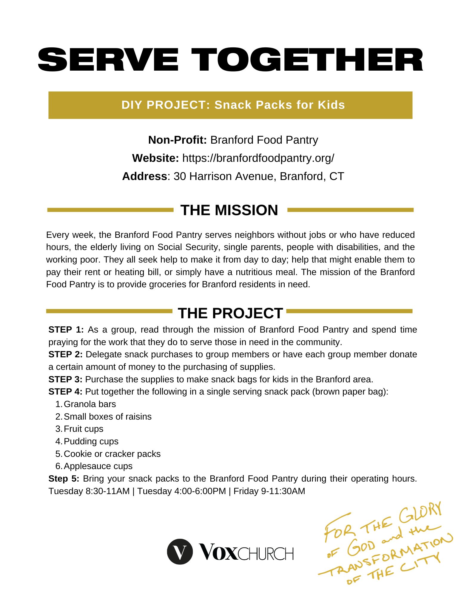 1 in 6 residents in Branford struggle with food insecurity and over 30% of students qualify for free and reduced lunch programs. Our desire is to uphold the cause of the poor and oppressed (Psalm 82:3) in our community.
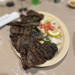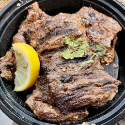 Had the steak, lamb Briyani, naan, and a chicken gravy dish (not pictured), accompanied by chai. Everything tasted great, I really enjoyed my meal. Fairly busy during lunch on a Saturday. The space is not big but it's cozy and clean. Service was good. Easy parking situation.
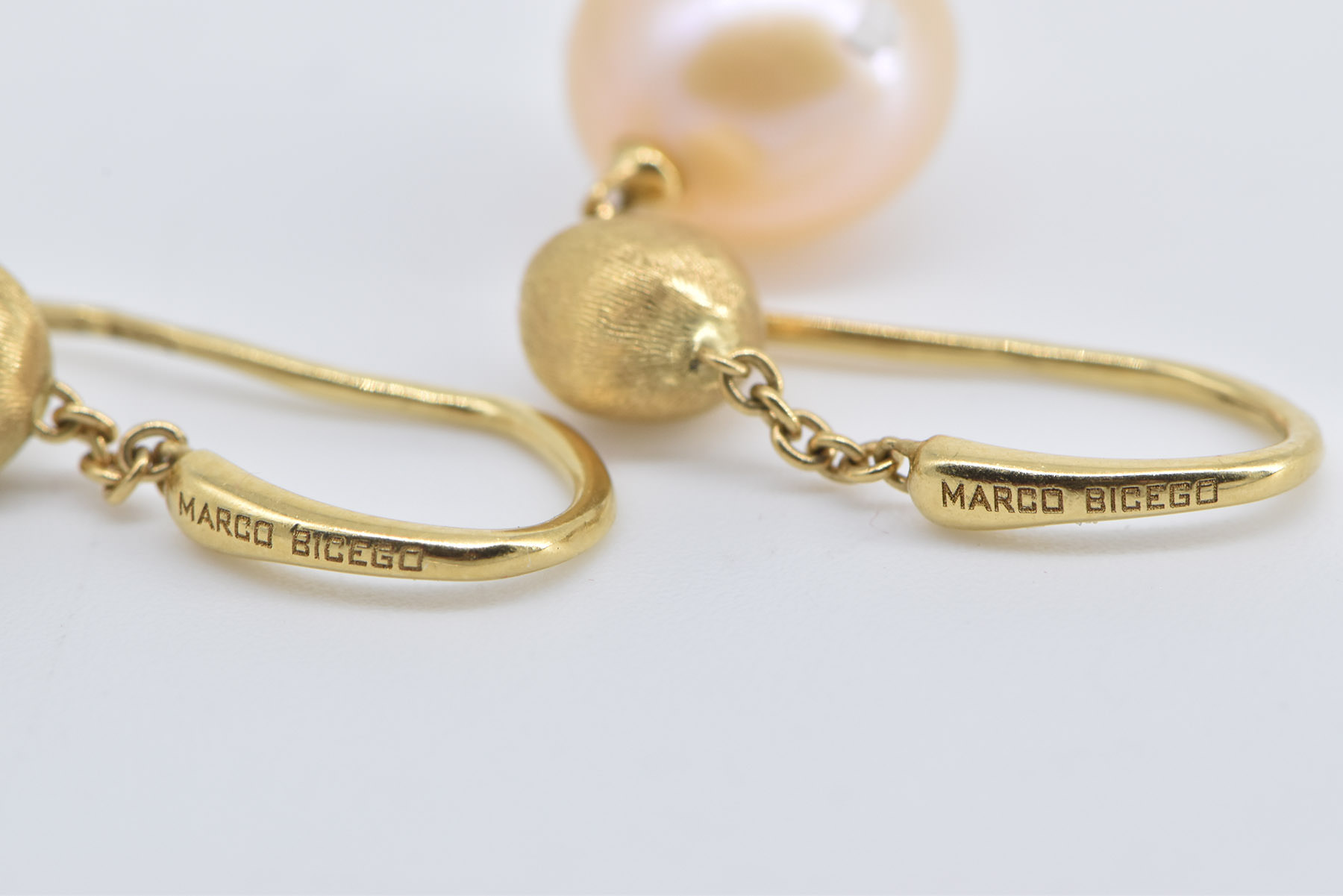 18K Marco Bicego Pearl Africa Collection Dangle Yellow Gold Earrings

## Task requirements
Leave the pictures out and copy exactly the lines from the one that holds "Had the steak, lamb" through the last line of the material.

## Task solution
 Had the steak, lamb Briyani, naan, and a chicken gravy dish (not pictured), accompanied by chai. Everything tasted great, I really enjoyed my meal. Fairly busy during lunch on a Saturday. The space is not big but it's cozy and clean. Service was good. Easy parking situation.
 18K Marco Bicego Pearl Africa Collection Dangle Yellow Gold Earrings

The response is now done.